You can upload to a cloud drive, then share a link with permissions. Or you can send via email if the attachment fits. For document management, keep file names consistent so you can find them later.
- Cloud link sharing: use when files are too big for email.
- Email attachment: use when size stays under common limits.
- Versioning: name files with date and purpose.
If the recipient needs to edit, note that scanned PDFs are image-based. Ask whether they need OCR text or just the combined pages.
FAQ: merging scanned documents into one PDF
How to merge scans into one pdf on Windows without extra tools?
You can often use a desktop PDF app that supports page insertion. If you already have the scans as PDFs, look for “combine” or “insert pages.” Then export the merged result as a new PDF.
How to make scans into one pdf when each page is a separate file?
Merge using thumbnail drag-and-drop in a PDF viewer that supports page ordering. Add each one-page PDF in sequence, then save once as the final combined file.
How do I put multiple scans into one pdf without losing page order?
Use a workflow that shows page thumbnails. Add files one by one, then reorder using drag and drop if your tool supports it. Always review the final preview before saving.
How to clean up pdf scans so they are readable?
Crop and straighten the page first. Then adjust contrast and reduce noise. Finally, compress images cautiously so text stays sharp.
How to save multiple scans as one pdf with smaller size?
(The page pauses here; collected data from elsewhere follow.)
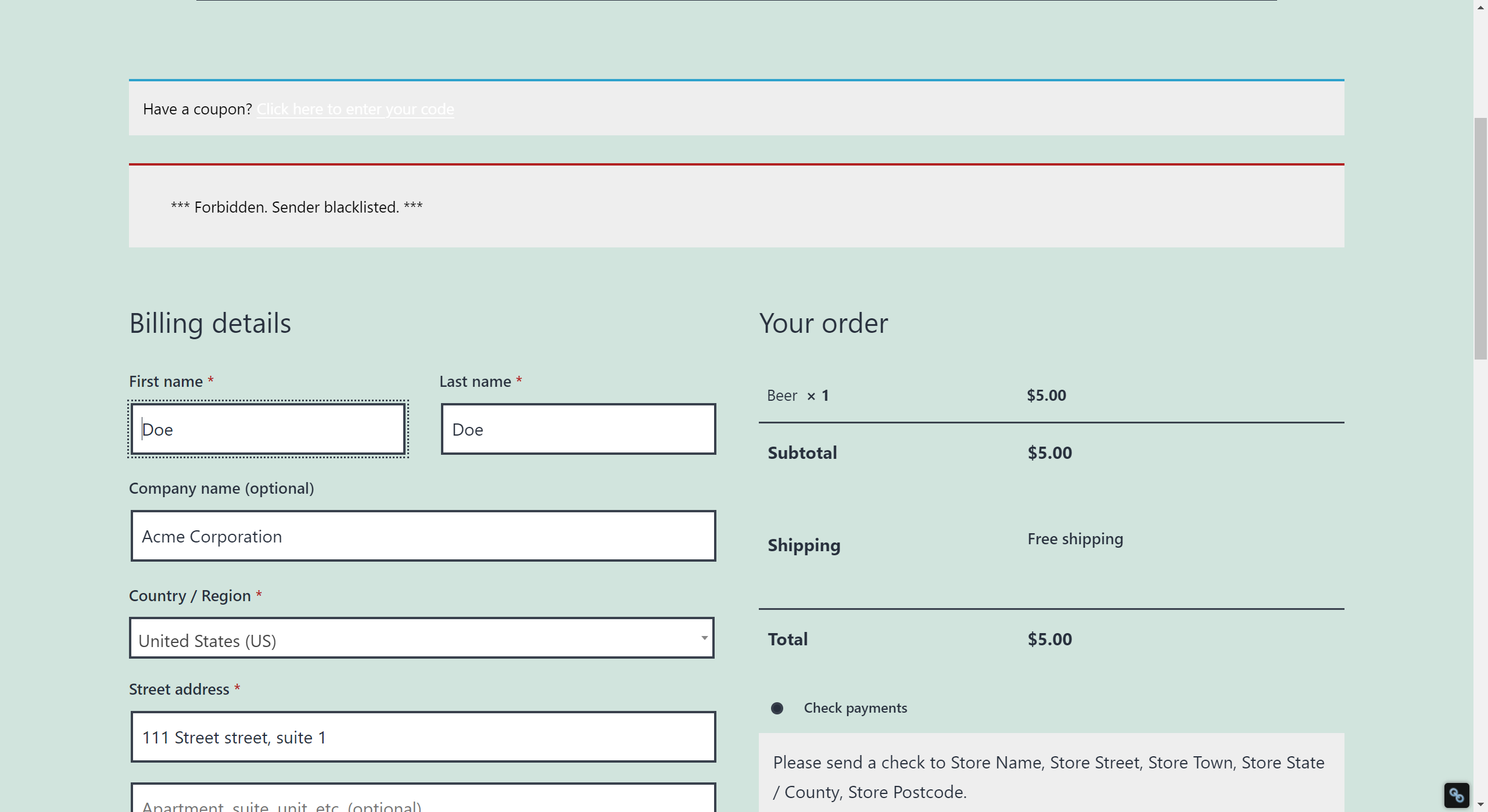 Checkout – demo3 cleantalk me1
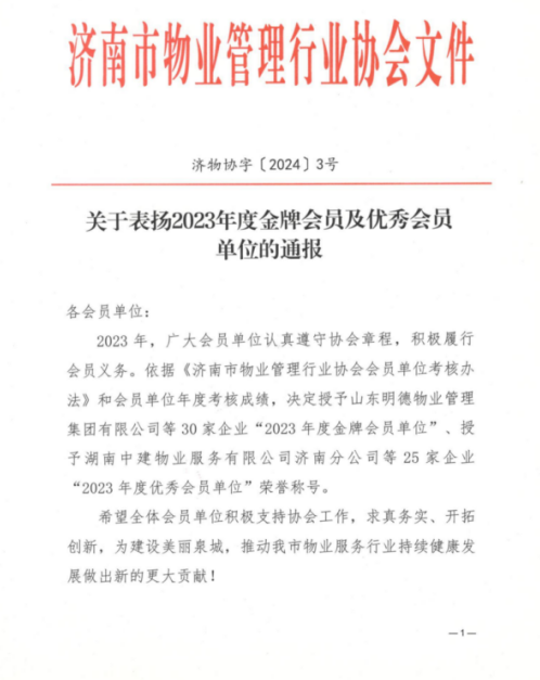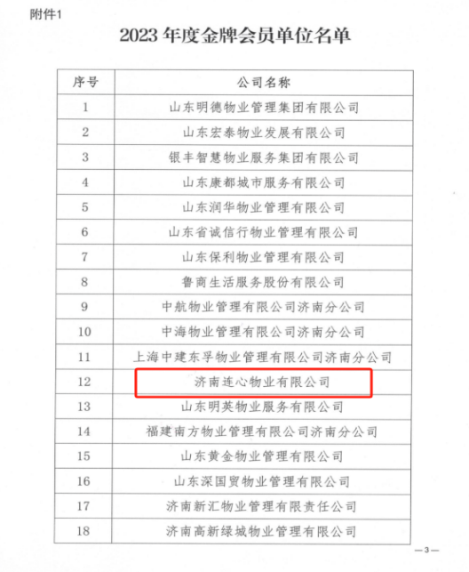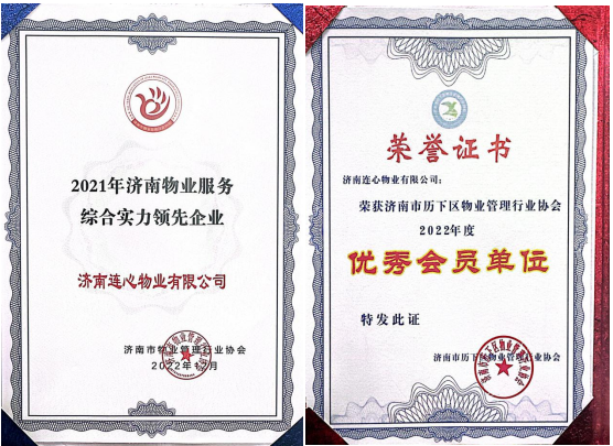 專業(yè)進(jìn)取。2023年連心物業(yè)持續(xù)精進(jìn),載譽(yù)前行。獲評(píng)“歷下區(qū)東西部協(xié)作和鄉(xiāng)村振興先進(jìn)企業(yè)”,“山東省文化館項(xiàng)目被評(píng)為濟(jì)南市2023年度物業(yè)服務(wù)標(biāo)準(zhǔn)化5A等級(jí)標(biāo)準(zhǔn)化項(xiàng)目”,“產(chǎn)發(fā)基金大廈項(xiàng)目被評(píng)為濟(jì)南市2023年度物業(yè)服務(wù)標(biāo)準(zhǔn)化3A等級(jí)標(biāo)準(zhǔn)化項(xiàng)目”,“濟(jì)南市物業(yè)管理行業(yè)協(xié)會(huì)2023年度金牌會(huì)員單位”,2023年2月獲評(píng)“歷下區(qū)物業(yè)管理行業(yè)協(xié)會(huì)綜合實(shí)力領(lǐng)先企業(yè)、優(yōu)秀會(huì)員單位”,“歷城區(qū)物業(yè)管理行業(yè)協(xié)會(huì)物業(yè)行業(yè)創(chuàng)新獎(jiǎng)、優(yōu)秀會(huì)員單位”等稱號(hào),以高質(zhì)量發(fā)展獲政府及行業(yè)認(rèn)可。
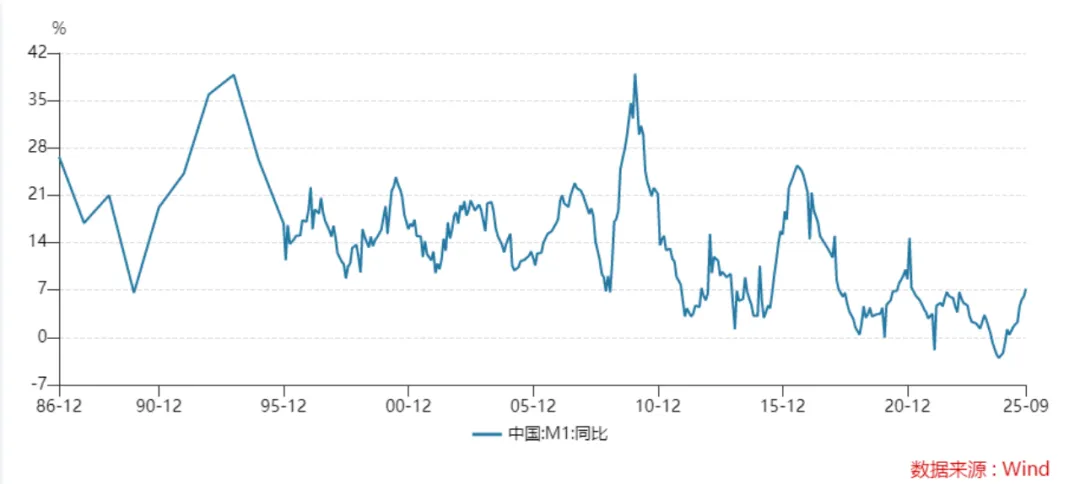 那么,M1的涨势能否持续?从年初以来的增量视角观察,2025年1—9月M1增1.82万亿,与2021—2023同期平均值1.79万亿较为接近(纳入个人活期存款)。而2024年同期这一数字为-4.44万亿,主要是因为当年的禁止手工补息推动大量存款从银行转移至理财,造成的M1低基数影响或持续至今年9月。

Compress images during export and lower the scan resolution only if text remains readable. Create a master copy, then export a smaller “share” version for sending.
What if my merged PDF is still too large to email?
Use cloud sharing instead of email attachments. Or export a new PDF with stronger compression while checking legibility at 100% zoom.
Frequently asked questions
- How to merge scans into one pdf from multiple PDF files?
- Use a merge tool to combine the scanned PDFs in one order. Verify page thumbnails in the preview, then save the merged file.
- How to make scans into one pdf when each page is a separate scan?
- Add each one-page scan to a combined document one at a time. Use thumbnail drag-and-drop to keep the page sequence correct.
- How to put multiple scans into one pdf while keeping quality?
- Merge first, then run cleanup like crop, contrast, and controlled compression. Avoid repeated saves at high compression levels.
- How to clean up pdf scans for better readability?
- Crop and straighten the pages, reduce noise, and adjust contrast. Then compress carefully so text stays crisp at 100% zoom.
- What is the best way to save multiple scans as one pdf for sharing?
- Export a share-friendly version with image compression and standard compatibility. Keep a separate master file with higher quality.
- How can I share a large combined scan if email fails?
- Upload the PDF to a cloud drive and share a link. You can set access permissions before sending.